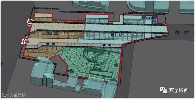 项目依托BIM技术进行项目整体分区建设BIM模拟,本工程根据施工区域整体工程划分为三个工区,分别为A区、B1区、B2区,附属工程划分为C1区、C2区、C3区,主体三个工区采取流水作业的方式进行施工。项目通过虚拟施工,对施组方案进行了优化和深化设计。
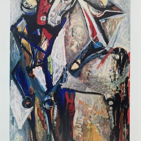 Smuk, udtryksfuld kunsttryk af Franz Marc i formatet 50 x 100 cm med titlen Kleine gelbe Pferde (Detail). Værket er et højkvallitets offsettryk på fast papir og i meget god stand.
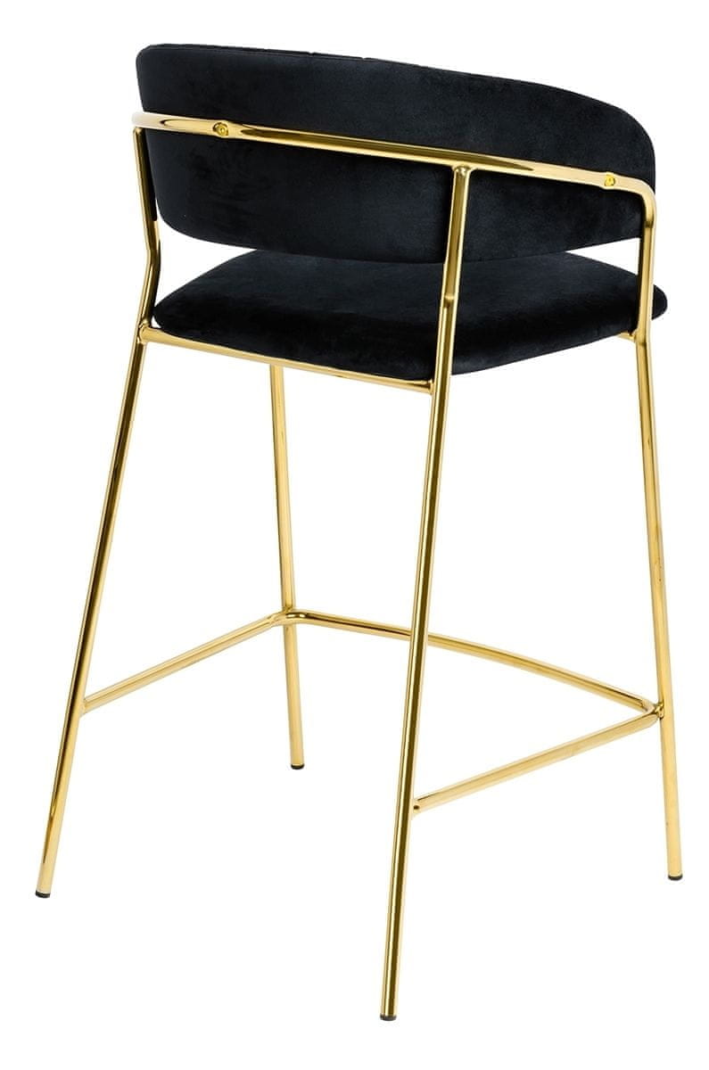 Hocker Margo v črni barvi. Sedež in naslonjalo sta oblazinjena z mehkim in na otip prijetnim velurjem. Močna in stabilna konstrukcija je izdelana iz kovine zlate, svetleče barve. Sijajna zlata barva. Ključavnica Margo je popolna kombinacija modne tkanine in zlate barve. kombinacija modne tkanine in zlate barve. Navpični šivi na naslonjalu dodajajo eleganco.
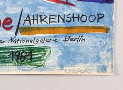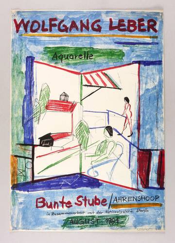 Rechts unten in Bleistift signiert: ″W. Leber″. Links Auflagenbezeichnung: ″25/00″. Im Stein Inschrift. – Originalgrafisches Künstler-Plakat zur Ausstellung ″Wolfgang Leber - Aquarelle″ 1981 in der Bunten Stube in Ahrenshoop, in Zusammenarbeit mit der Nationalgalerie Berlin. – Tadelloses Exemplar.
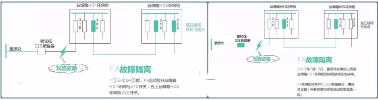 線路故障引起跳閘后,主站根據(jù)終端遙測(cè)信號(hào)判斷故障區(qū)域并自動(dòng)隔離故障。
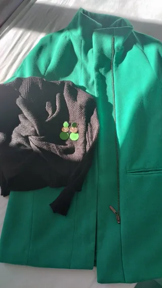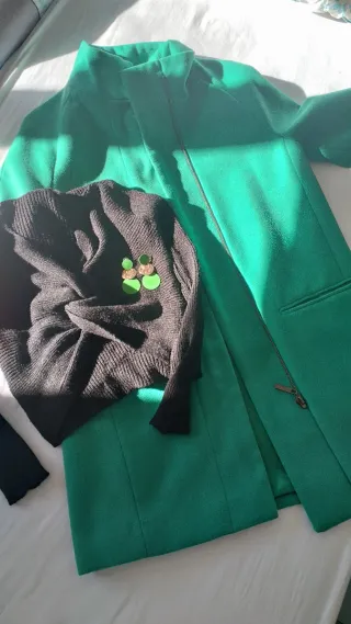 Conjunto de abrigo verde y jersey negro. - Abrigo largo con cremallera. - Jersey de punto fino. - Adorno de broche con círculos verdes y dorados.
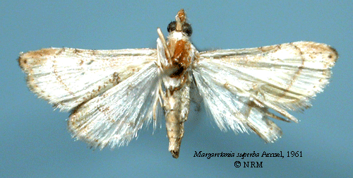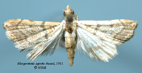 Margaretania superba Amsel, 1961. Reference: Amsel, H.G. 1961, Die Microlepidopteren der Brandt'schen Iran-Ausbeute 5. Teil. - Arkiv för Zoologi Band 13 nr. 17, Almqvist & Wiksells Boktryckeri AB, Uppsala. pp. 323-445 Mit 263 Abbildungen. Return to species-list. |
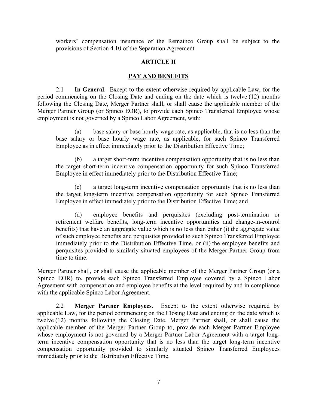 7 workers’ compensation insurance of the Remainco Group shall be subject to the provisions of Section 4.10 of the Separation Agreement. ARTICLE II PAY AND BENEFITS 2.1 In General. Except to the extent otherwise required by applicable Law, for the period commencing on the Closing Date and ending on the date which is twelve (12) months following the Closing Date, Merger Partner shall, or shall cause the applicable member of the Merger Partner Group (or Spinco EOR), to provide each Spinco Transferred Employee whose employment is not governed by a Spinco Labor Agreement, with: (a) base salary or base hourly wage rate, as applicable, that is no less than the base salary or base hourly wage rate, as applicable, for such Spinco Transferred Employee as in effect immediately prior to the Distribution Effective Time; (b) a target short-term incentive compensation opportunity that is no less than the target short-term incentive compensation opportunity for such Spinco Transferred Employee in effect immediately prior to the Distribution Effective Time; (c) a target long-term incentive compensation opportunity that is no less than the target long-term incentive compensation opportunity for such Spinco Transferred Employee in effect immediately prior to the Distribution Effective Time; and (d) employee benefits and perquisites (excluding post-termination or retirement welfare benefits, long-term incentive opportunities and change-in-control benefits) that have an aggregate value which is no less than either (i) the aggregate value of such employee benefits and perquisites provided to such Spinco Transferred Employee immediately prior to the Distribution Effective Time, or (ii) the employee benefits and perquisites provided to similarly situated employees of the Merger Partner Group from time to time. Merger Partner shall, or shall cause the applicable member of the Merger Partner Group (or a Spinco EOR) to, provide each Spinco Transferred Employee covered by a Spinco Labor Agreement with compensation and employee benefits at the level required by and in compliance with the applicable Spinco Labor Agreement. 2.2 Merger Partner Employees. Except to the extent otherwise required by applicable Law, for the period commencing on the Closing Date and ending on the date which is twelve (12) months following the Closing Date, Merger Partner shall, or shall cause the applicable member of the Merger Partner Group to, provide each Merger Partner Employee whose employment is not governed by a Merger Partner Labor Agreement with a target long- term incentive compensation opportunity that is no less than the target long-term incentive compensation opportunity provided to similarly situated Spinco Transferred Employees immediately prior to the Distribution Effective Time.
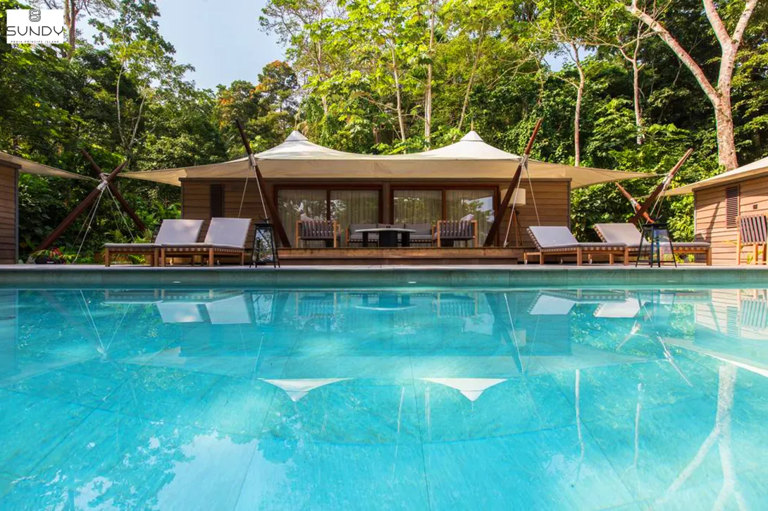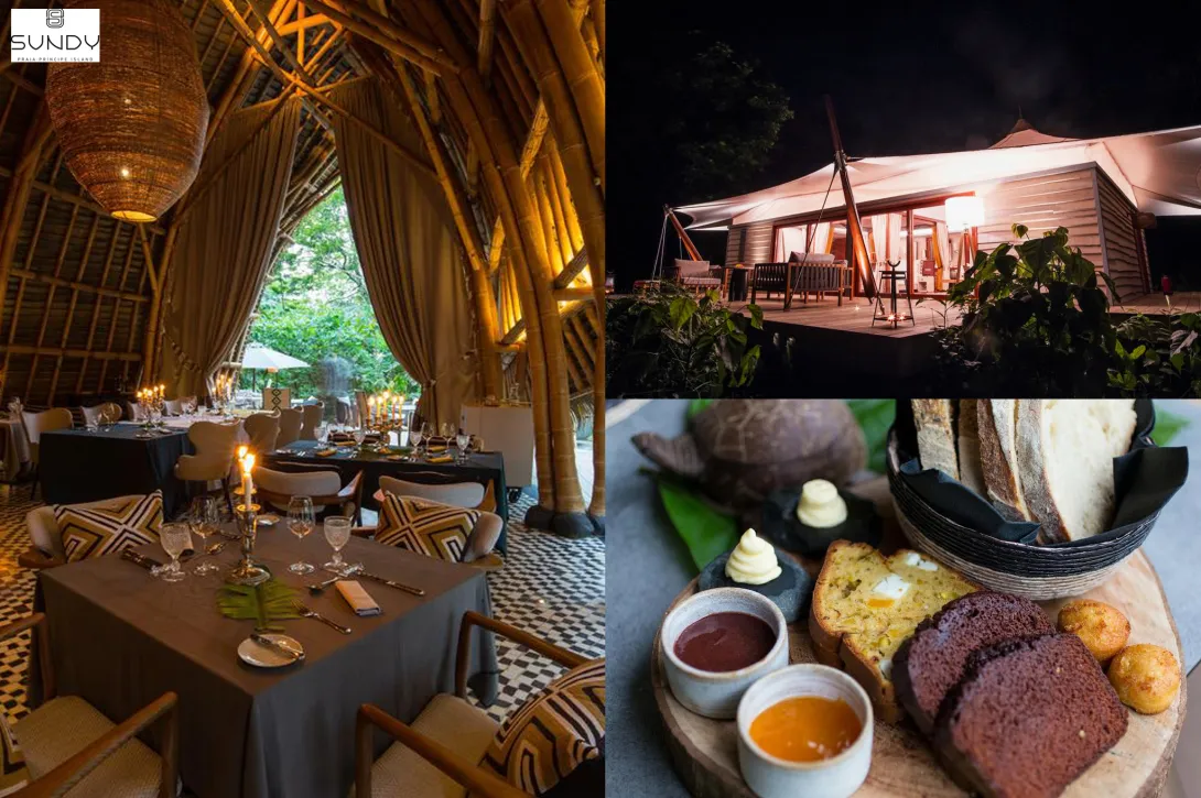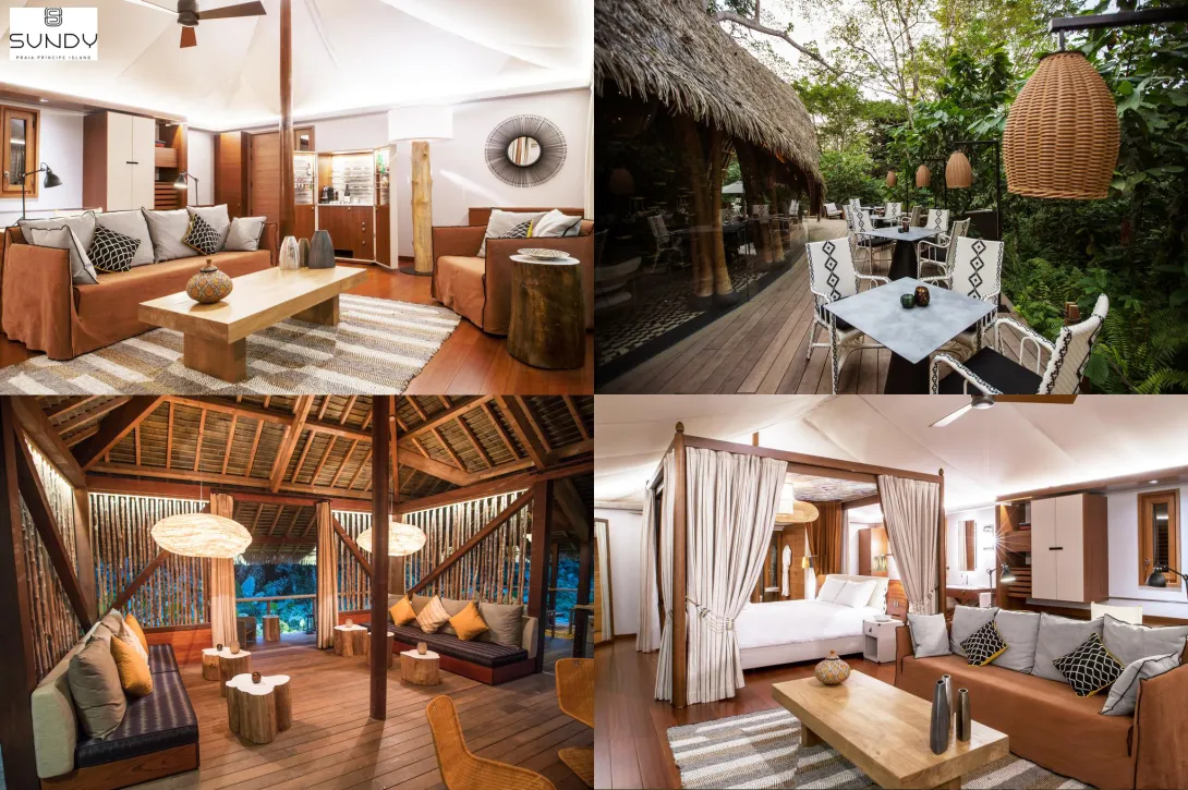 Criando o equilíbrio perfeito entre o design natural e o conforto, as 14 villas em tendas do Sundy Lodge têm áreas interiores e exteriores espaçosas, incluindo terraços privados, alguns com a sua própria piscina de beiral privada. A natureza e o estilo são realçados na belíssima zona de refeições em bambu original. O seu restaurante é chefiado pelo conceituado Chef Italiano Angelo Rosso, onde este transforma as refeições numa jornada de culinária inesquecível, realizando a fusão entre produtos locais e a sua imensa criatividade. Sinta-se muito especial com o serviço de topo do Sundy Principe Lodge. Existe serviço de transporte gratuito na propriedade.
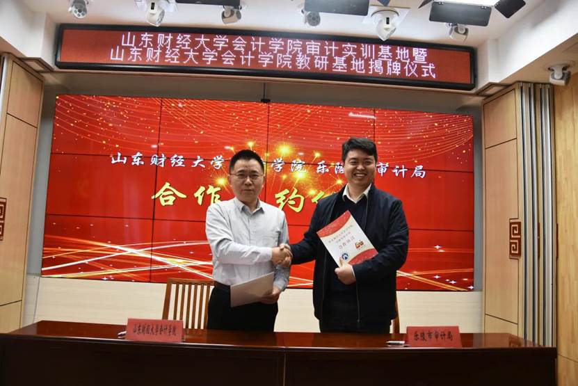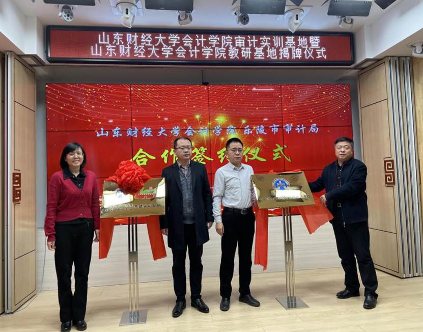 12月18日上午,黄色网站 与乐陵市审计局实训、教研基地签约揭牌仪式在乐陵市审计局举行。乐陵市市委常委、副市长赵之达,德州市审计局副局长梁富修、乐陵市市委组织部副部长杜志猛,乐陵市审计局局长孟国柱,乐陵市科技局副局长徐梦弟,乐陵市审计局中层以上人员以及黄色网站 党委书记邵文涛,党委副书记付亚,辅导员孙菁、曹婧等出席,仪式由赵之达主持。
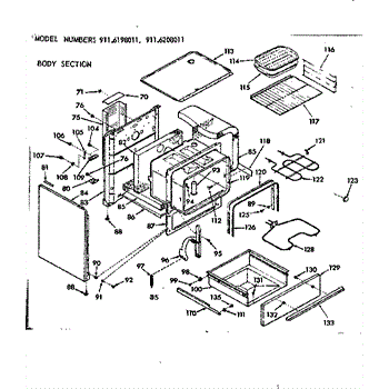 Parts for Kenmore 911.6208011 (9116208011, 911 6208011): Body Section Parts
--------------------------------
REQUIRED ACTION
Only the pictures are to be left out, and all of the data must otherwise be transcribed exactly.

REPLY
 项目依托BIM技术进行项目整体分区建设BIM模拟,本工程根据施工区域整体工程划分为三个工区,分别为A区、B1区、B2区,附属工程划分为C1区、C2区、C3区,主体三个工区采取流水作业的方式进行施工。项目通过虚拟施工,对施组方案进行了优化和深化设计。
 Smuk, udtryksfuld kunsttryk af Franz Marc i formatet 50 x 100 cm med titlen Kleine gelbe Pferde (Detail). Værket er et højkvallitets offsettryk på fast papir og i meget god stand.
 Hocker Margo v črni barvi. Sedež in naslonjalo sta oblazinjena z mehkim in na otip prijetnim velurjem. Močna in stabilna konstrukcija je izdelana iz kovine zlate, svetleče barve. Sijajna zlata barva. Ključavnica Margo je popolna kombinacija modne tkanine in zlate barve. kombinacija modne tkanine in zlate barve. Navpični šivi na naslonjalu dodajajo eleganco.
 Rechts unten in Bleistift signiert: ″W. Leber″. Links Auflagenbezeichnung: ″25/00″. Im Stein Inschrift. – Originalgrafisches Künstler-Plakat zur Ausstellung ″Wolfgang Leber - Aquarelle″ 1981 in der Bunten Stube in Ahrenshoop, in Zusammenarbeit mit der Nationalgalerie Berlin. – Tadelloses Exemplar.
 線路故障引起跳閘后,主站根據(jù)終端遙測(cè)信號(hào)判斷故障區(qū)域并自動(dòng)隔離故障。
 Conjunto de abrigo verde y jersey negro. - Abrigo largo con cremallera. - Jersey de punto fino. - Adorno de broche con círculos verdes y dorados.
 Margaretania superba Amsel, 1961. Reference: Amsel, H.G. 1961, Die Microlepidopteren der Brandt'schen Iran-Ausbeute 5. Teil. - Arkiv för Zoologi Band 13 nr. 17, Almqvist & Wiksells Boktryckeri AB, Uppsala. pp. 323-445 Mit 263 Abbildungen. Return to species-list. |
 7 workers’ compensation insurance of the Remainco Group shall be subject to the provisions of Section 4.10 of the Separation Agreement. ARTICLE II PAY AND BENEFITS 2.1 In General. Except to the extent otherwise required by applicable Law, for the period commencing on the Closing Date and ending on the date which is twelve (12) months following the Closing Date, Merger Partner shall, or shall cause the applicable member of the Merger Partner Group (or Spinco EOR), to provide each Spinco Transferred Employee whose employment is not governed by a Spinco Labor Agreement, with: (a) base salary or base hourly wage rate, as applicable, that is no less than the base salary or base hourly wage rate, as applicable, for such Spinco Transferred Employee as in effect immediately prior to the Distribution Effective Time; (b) a target short-term incentive compensation opportunity that is no less than the target short-term incentive compensation opportunity for such Spinco Transferred Employee in effect immediately prior to the Distribution Effective Time; (c) a target long-term incentive compensation opportunity that is no less than the target long-term incentive compensation opportunity for such Spinco Transferred Employee in effect immediately prior to the Distribution Effective Time; and (d) employee benefits and perquisites (excluding post-termination or retirement welfare benefits, long-term incentive opportunities and change-in-control benefits) that have an aggregate value which is no less than either (i) the aggregate value of such employee benefits and perquisites provided to such Spinco Transferred Employee immediately prior to the Distribution Effective Time, or (ii) the employee benefits and perquisites provided to similarly situated employees of the Merger Partner Group from time to time. Merger Partner shall, or shall cause the applicable member of the Merger Partner Group (or a Spinco EOR) to, provide each Spinco Transferred Employee covered by a Spinco Labor Agreement with compensation and employee benefits at the level required by and in compliance with the applicable Spinco Labor Agreement. 2.2 Merger Partner Employees. Except to the extent otherwise required by applicable Law, for the period commencing on the Closing Date and ending on the date which is twelve (12) months following the Closing Date, Merger Partner shall, or shall cause the applicable member of the Merger Partner Group to, provide each Merger Partner Employee whose employment is not governed by a Merger Partner Labor Agreement with a target long- term incentive compensation opportunity that is no less than the target long-term incentive compensation opportunity provided to similarly situated Spinco Transferred Employees immediately prior to the Distribution Effective Time.
 Criando o equilíbrio perfeito entre o design natural e o conforto, as 14 villas em tendas do Sundy Lodge têm áreas interiores e exteriores espaçosas, incluindo terraços privados, alguns com a sua própria piscina de beiral privada. A natureza e o estilo são realçados na belíssima zona de refeições em bambu original. O seu restaurante é chefiado pelo conceituado Chef Italiano Angelo Rosso, onde este transforma as refeições numa jornada de culinária inesquecível, realizando a fusão entre produtos locais e a sua imensa criatividade. Sinta-se muito especial com o serviço de topo do Sundy Principe Lodge. Existe serviço de transporte gratuito na propriedade.
 12月18日上午,黄色网站 与乐陵市审计局实训、教研基地签约揭牌仪式在乐陵市审计局举行。乐陵市市委常委、副市长赵之达,德州市审计局副局长梁富修、乐陵市市委组织部副部长杜志猛,乐陵市审计局局长孟国柱,乐陵市科技局副局长徐梦弟,乐陵市审计局中层以上人员以及黄色网站 党委书记邵文涛,党委副书记付亚,辅导员孙菁、曹婧等出席,仪式由赵之达主持。
 Parts for Kenmore 911.6208011 (9116208011, 911 6208011): Body Section Parts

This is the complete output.